Parametrizing existing sample layouts

pytest supports parametrizing tests over fixtures. The following code example shows how to parametrize over the predefined layouts:

@pytest.fixture(scope="function", autouse=False)
def data(request):
    return request.getfuncargvalue(request.param)

@pytest.mark.parametrize("data", pytest.config.getoption("ngs_layout", ["sample"]), indirect=["data"])
def test_run(data):
    # Do something with data

Here, we define an indirect fixture that calls one of the predefined layout fixtures by use of the request.getfuncargvalue function.

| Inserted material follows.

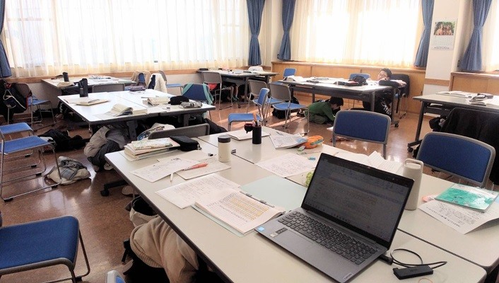 大きく揺れた際、スタッフの方の指示で、参加していた南高生は小・中学生をリードして机の下に入ったそうです。

Grouping fixtures in test directories

When parametrizing fixtures over several conditions, it may be of interest to group fixtures in separate parametrized test directories. This can be achieved by using the testunit fixture option, as the following example shows:

@pytest.mark.parametrize("testunit", ["context1", "context2"])
def test_with_context(samples, ref, testunit):
    # Do something with data
    # Sample data will end up in context1/data, reference data in
    # context1/ref for context1 and so on

Creating fixtures with the Fixture class

In addition to using and configuring the predefined fixtures, you can setup fixtures by directly calling the Fixture class. The path option can be used to override invocation of the tmpdir_factory that otherwise is called at fixture setup. This feature is primarily useful when fixtures have to take parametrized values into account.

import pytest
from pytest_ngsfixtures.plugin import Fixture

@pytest.fixture
def metadata(request):
    p = Fixture(request, path=request.getfixturevalue("samples"))

@pytest.mark.parametrize("layout", [layout1, layout2])
def test_layout(samples, layout, metadata):
    # Do something with data

Plugin options

-nt, –ngs-threads

Set the number of threads to use in a given test.